▸ Information

-- Opening Marker --

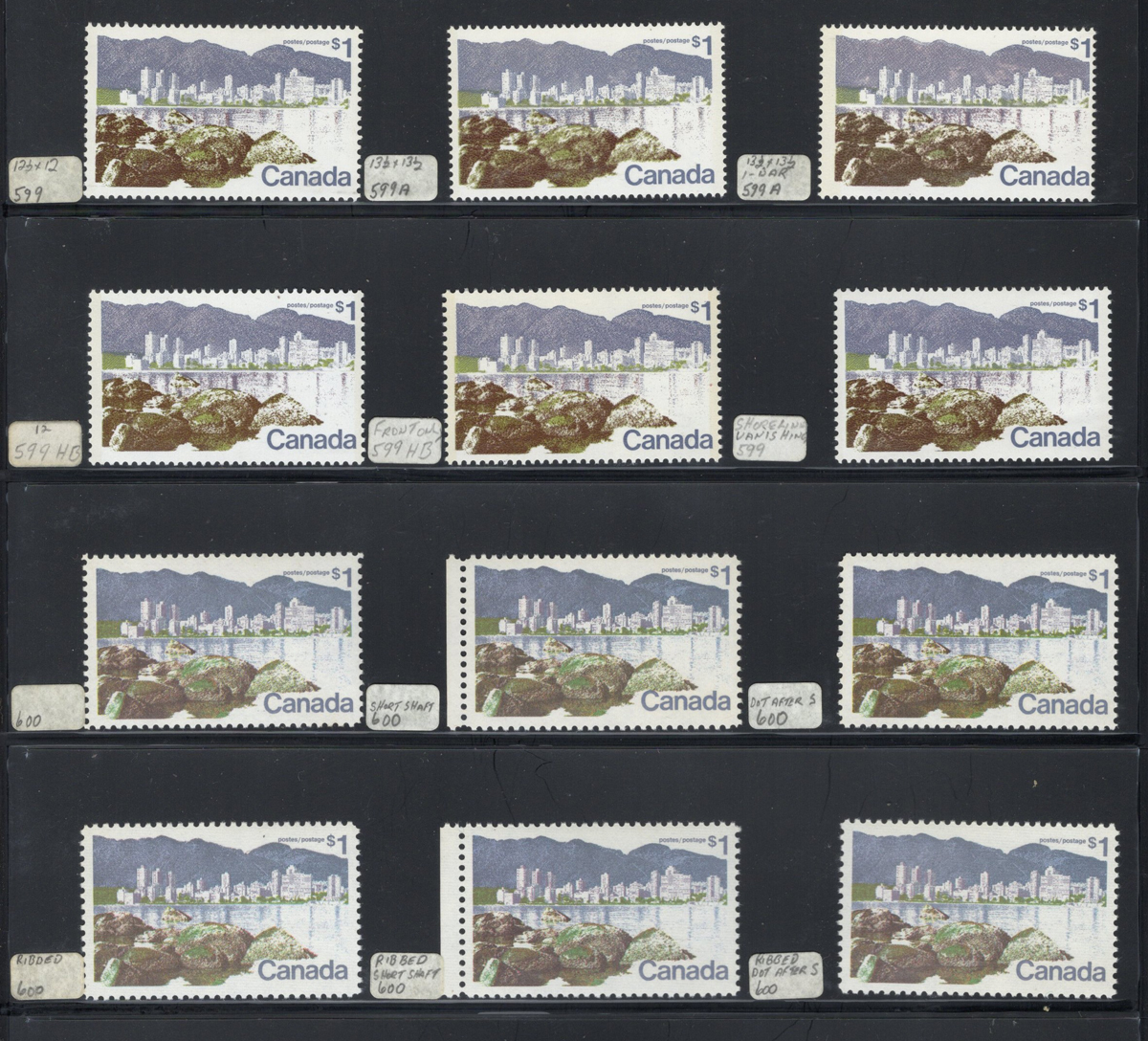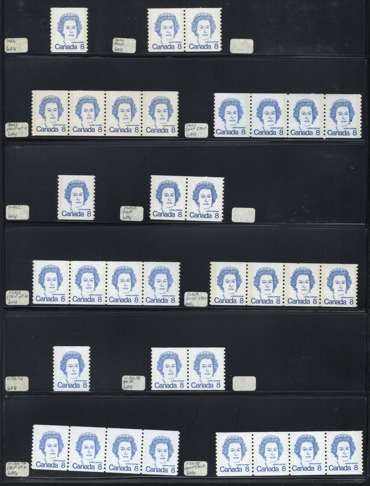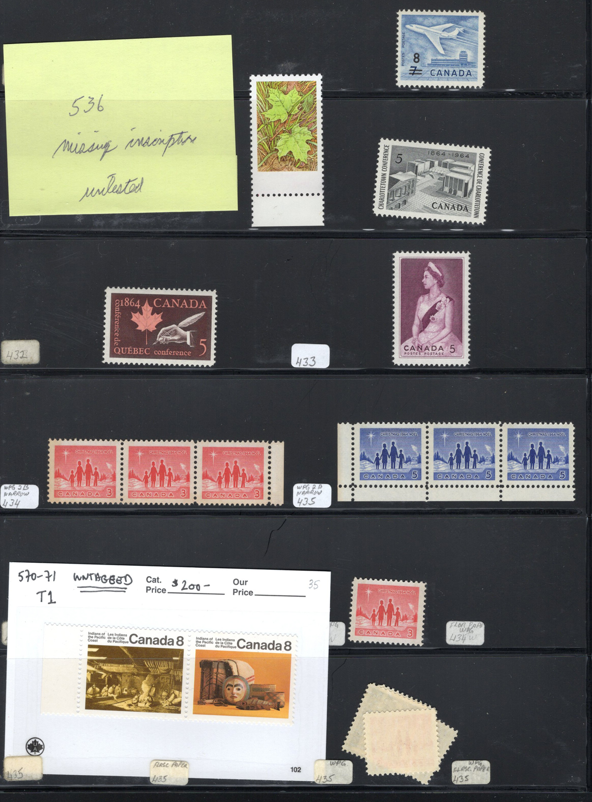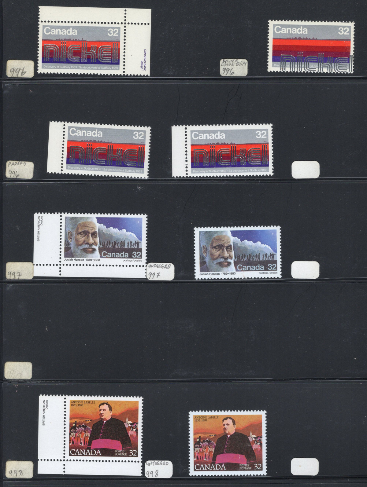 617 nh 347/1172 imageModern Mint Collection, with Many Varieties, 1954-1985, all mounted on 37 double-sided Vario stock sheets. The main collection consists of mint never hinged regular issues, which are complemented by coils, booklets and especially printing varieties. We note many tagging varieties including untagged, bar varieties, etc., as well as many misperforated stamps, some quite drastically-so, plus some misprints, paper varieties, missing ink, etc. Some of the stamps that stood out include #536 with missing inscriptions (sold as is, would require a certificate), a good selection of Caricature issue varieties, many 17c green Parliament varieties, untagged pair of #570-71 (Unitrade $200) and many more. A useful collection that would benefit from being viewed in person, we have selected a number of pages to try and represent the flair of the collection. Should be a useful one for varieties enthusiasts, collectors wishing to add variety to their collection, or online resellers. (Scan 1) (Scan 2) (Scan 3) (Scan 4) (Scan 5) (Scan 6) (Scan 7) (Scan 8) (Scan 9) (Scan 10) (Scan 11) (Scan 12) (Scan 13) (Scan 14) (Scan 15) (Scan 16) (All Scans) (All Images)
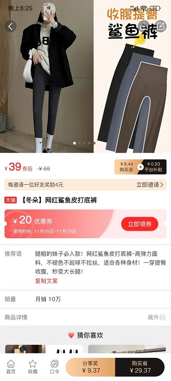 比如这个产品在天猫卖59元,通过这个平台可以领取一张20元的优惠券,再加平台返佣8.44以及平台补贴0.93,59的产品可以省下29.37,不到30元即可买到。
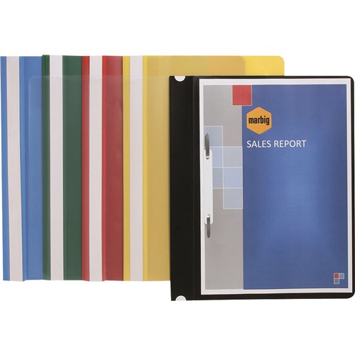 Clear front cover. Features 2 prong fastener to secure papers. Full length title strip to identify contents. Simply punch papers and insert.
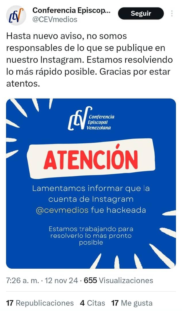País.- La Conferencia de Episcopal Venezolana (CEV), ha informado a través de un comunicado difundio por la red social X, que este martes 12 de noviembre su cuenta oficial en Instagram sufridó un hackeo.
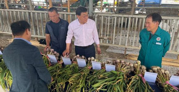 합천군(군수 김윤철)은 지난 21일 적중면 마늘 생산 현장에서 합천군수, 군의원, 농촌진흥청 및 경남농업기술원 관계자 등 50여명이 참석한 가운데 마늘 우량 종구 평가회를 가졌다. 이날 전시된 마늘 종구는 경남농업기술원(양파연구소)에서 분양받은 조직배양(무병) 마늘과 그 주아를 이용해 생산된 마늘 종구로 일반 마늘에 비해 성능이 120~140% 정도 높은 것으로 평가된다. 바이러스 및 병원균 감염으로 품질과 수량이 떨어지는 일반 마늘 종구를 획기적으로 갱신할 수 있을 것으로 예상된다.

-- Closing Marker --

▸ Task to carry out
Start at the top line above and repeat the records verbatim, leaving images out.

▸ Response area
 617 nh 347/1172 imageModern Mint Collection, with Many Varieties, 1954-1985, all mounted on 37 double-sided Vario stock sheets. The main collection consists of mint never hinged regular issues, which are complemented by coils, booklets and especially printing varieties. We note many tagging varieties including untagged, bar varieties, etc., as well as many misperforated stamps, some quite drastically-so, plus some misprints, paper varieties, missing ink, etc. Some of the stamps that stood out include #536 with missing inscriptions (sold as is, would require a certificate), a good selection of Caricature issue varieties, many 17c green Parliament varieties, untagged pair of #570-71 (Unitrade $200) and many more. A useful collection that would benefit from being viewed in person, we have selected a number of pages to try and represent the flair of the collection. Should be a useful one for varieties enthusiasts, collectors wishing to add variety to their collection, or online resellers. (Scan 1) (Scan 2) (Scan 3) (Scan 4) (Scan 5) (Scan 6) (Scan 7) (Scan 8) (Scan 9) (Scan 10) (Scan 11) (Scan 12) (Scan 13) (Scan 14) (Scan 15) (Scan 16) (All Scans) (All Images)
 比如这个产品在天猫卖59元,通过这个平台可以领取一张20元的优惠券,再加平台返佣8.44以及平台补贴0.93,59的产品可以省下29.37,不到30元即可买到。
 Clear front cover. Features 2 prong fastener to secure papers. Full length title strip to identify contents. Simply punch papers and insert.
País.- La Conferencia de Episcopal Venezolana (CEV), ha informado a través de un comunicado difundio por la red social X, que este martes 12 de noviembre su cuenta oficial en Instagram sufridó un hackeo.
 합천군(군수 김윤철)은 지난 21일 적중면 마늘 생산 현장에서 합천군수, 군의원, 농촌진흥청 및 경남농업기술원 관계자 등 50여명이 참석한 가운데 마늘 우량 종구 평가회를 가졌다. 이날 전시된 마늘 종구는 경남농업기술원(양파연구소)에서 분양받은 조직배양(무병) 마늘과 그 주아를 이용해 생산된 마늘 종구로 일반 마늘에 비해 성능이 120~140% 정도 높은 것으로 평가된다. 바이러스 및 병원균 감염으로 품질과 수량이 떨어지는 일반 마늘 종구를 획기적으로 갱신할 수 있을 것으로 예상된다.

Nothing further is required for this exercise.